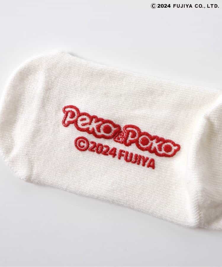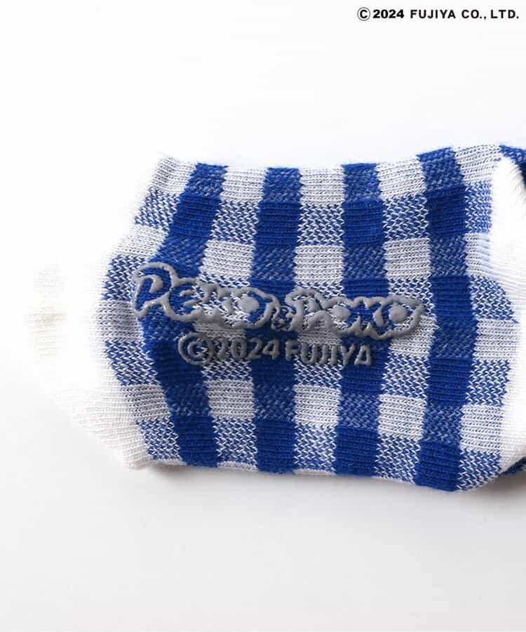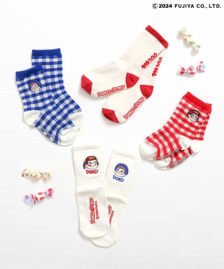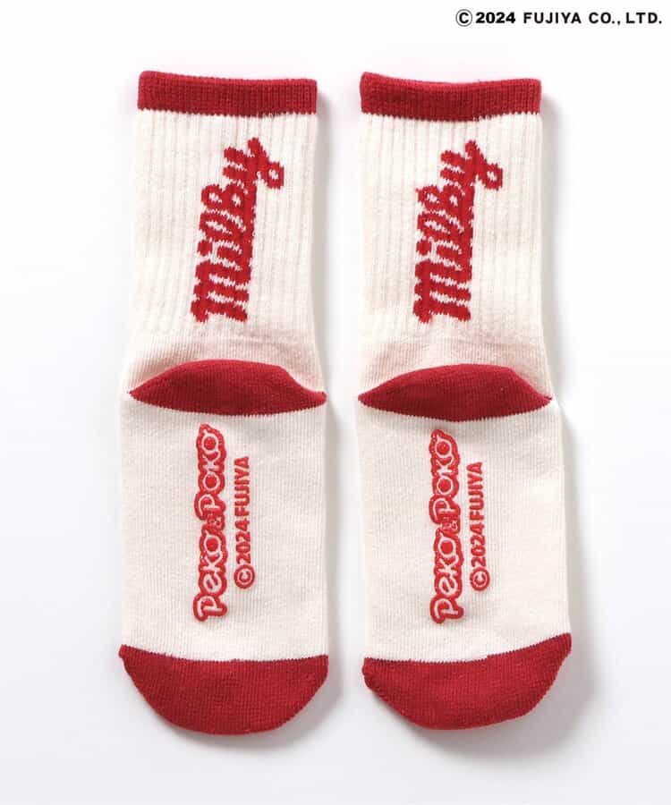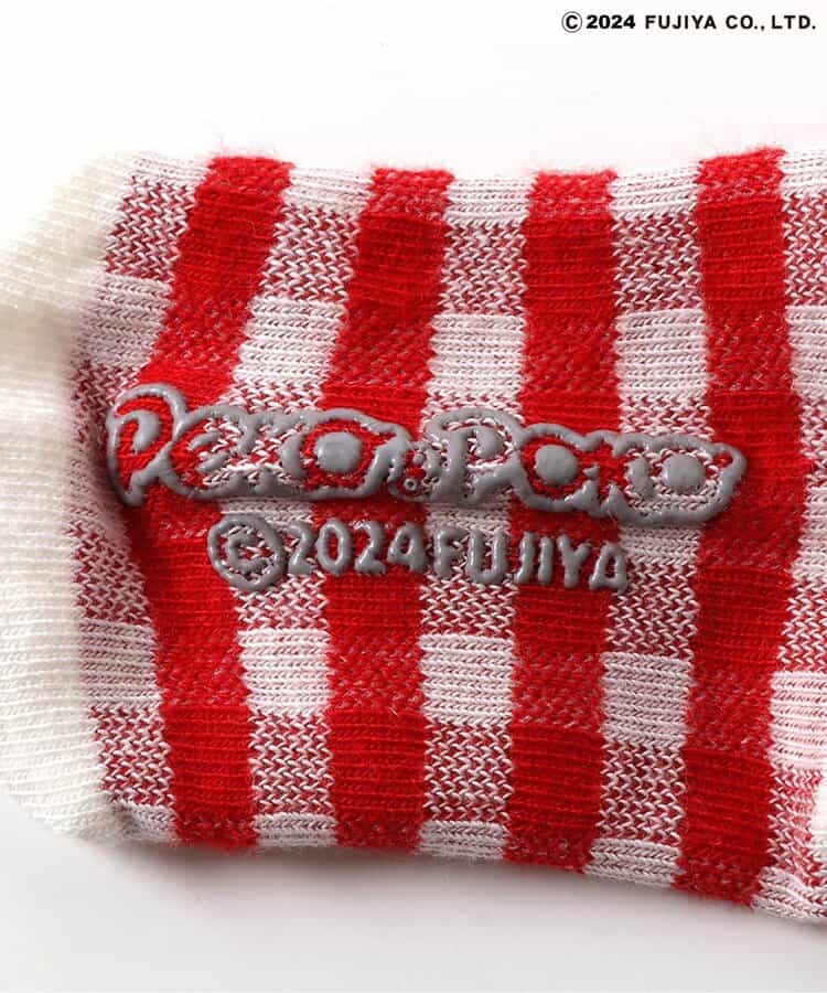 デザインが異なる4色展開。レッド:赤のギンガムチェックにペコちゃんが刺繍されています。ブルー:青のギンガムチェックにポコちゃんが刺繍されています。アイボリー:白ベースの後ろ部分に、ペコちゃんとポコちゃんが片足ずつ刺繍されています。レッドとブルーに比べ刺繍部分のデザインは少し大きいです。オフホワイト:後ろにミルキーのロゴがプリントされています。どのカラーも転倒防止対策として、足裏部分に「PEKO&POKO」ロゴの滑り止めが付いています。スニーカーだけでなく、パンプスやブーツなどと合わせてもご利用いただけます♪
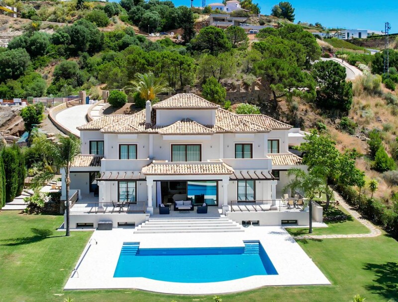 Fantastic private villa with panoramic sea and mountain views in Monte Mayor, Benahavis Beautiful villa for sale located in a gated and residential area of Monte Mayor, Benahavis. The villa is located on an elevated plot embedded in the mountain, enjoying privacy, tranquillity and fascinating panoramic views to the Mediterranean Sea and the mountains. The nearest beach is 7km away, all other amenities are within a 10 minute drive. The house is southwest facing, is distributed over three levels, has marble floors, a nice entrance hall, a living room with fireplace, a dining room, a kitchen and 6 bedrooms with 7 bathrooms, one of them is a guest toilet. In the spacious basement there are several entertainment areas, cinema, room with billiard table, extra room for multipurpose and a large garage for up to 3 cars. The villa has a beautiful well kept garden with a stunning swimming pool and direct sea and mountain views. This villa is a very good option for investment or as a second residence. Its location, privacy, security and tranquillity make it a very pleasant place to live with the whole family. The main services such as supermarkets, shops, banks, pharmacies, schools, medical and sport centres are only 10 minutes away by car. The famous Puerto Banus with beautiful beaches, natural coves, luxury cars, yachts and shopping centres is 15 km away by car. The centre of Marbella is 22 km away and the international airport of Malaga is 74 km away.
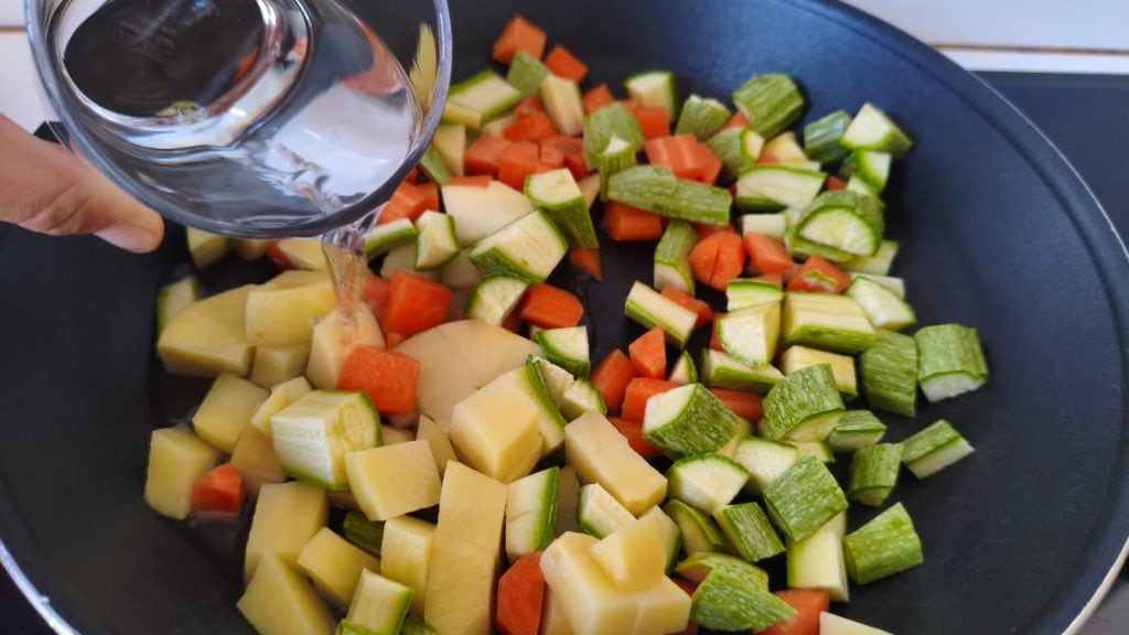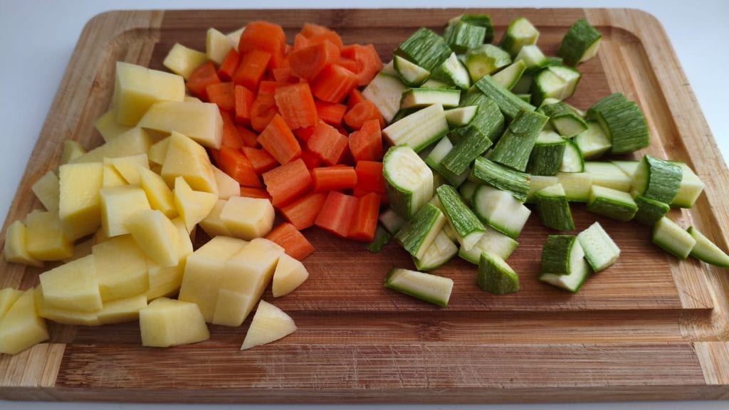 Para fazer os hambúrgueres vegetais, comece lavando os vegetais e cortando-os em cubos

Assignment = Line by line, write out the material exactly, leaving the images out.

Worked solution =
 デザインが異なる4色展開。レッド:赤のギンガムチェックにペコちゃんが刺繍されています。ブルー:青のギンガムチェックにポコちゃんが刺繍されています。アイボリー:白ベースの後ろ部分に、ペコちゃんとポコちゃんが片足ずつ刺繍されています。レッドとブルーに比べ刺繍部分のデザインは少し大きいです。オフホワイト:後ろにミルキーのロゴがプリントされています。どのカラーも転倒防止対策として、足裏部分に「PEKO&POKO」ロゴの滑り止めが付いています。スニーカーだけでなく、パンプスやブーツなどと合わせてもご利用いただけます♪
 Fantastic private villa with panoramic sea and mountain views in Monte Mayor, Benahavis Beautiful villa for sale located in a gated and residential area of Monte Mayor, Benahavis. The villa is located on an elevated plot embedded in the mountain, enjoying privacy, tranquillity and fascinating panoramic views to the Mediterranean Sea and the mountains. The nearest beach is 7km away, all other amenities are within a 10 minute drive. The house is southwest facing, is distributed over three levels, has marble floors, a nice entrance hall, a living room with fireplace, a dining room, a kitchen and 6 bedrooms with 7 bathrooms, one of them is a guest toilet. In the spacious basement there are several entertainment areas, cinema, room with billiard table, extra room for multipurpose and a large garage for up to 3 cars. The villa has a beautiful well kept garden with a stunning swimming pool and direct sea and mountain views. This villa is a very good option for investment or as a second residence. Its location, privacy, security and tranquillity make it a very pleasant place to live with the whole family. The main services such as supermarkets, shops, banks, pharmacies, schools, medical and sport centres are only 10 minutes away by car. The famous Puerto Banus with beautiful beaches, natural coves, luxury cars, yachts and shopping centres is 15 km away by car. The centre of Marbella is 22 km away and the international airport of Malaga is 74 km away.
 Para fazer os hambúrgueres vegetais, comece lavando os vegetais e cortando-os em cubos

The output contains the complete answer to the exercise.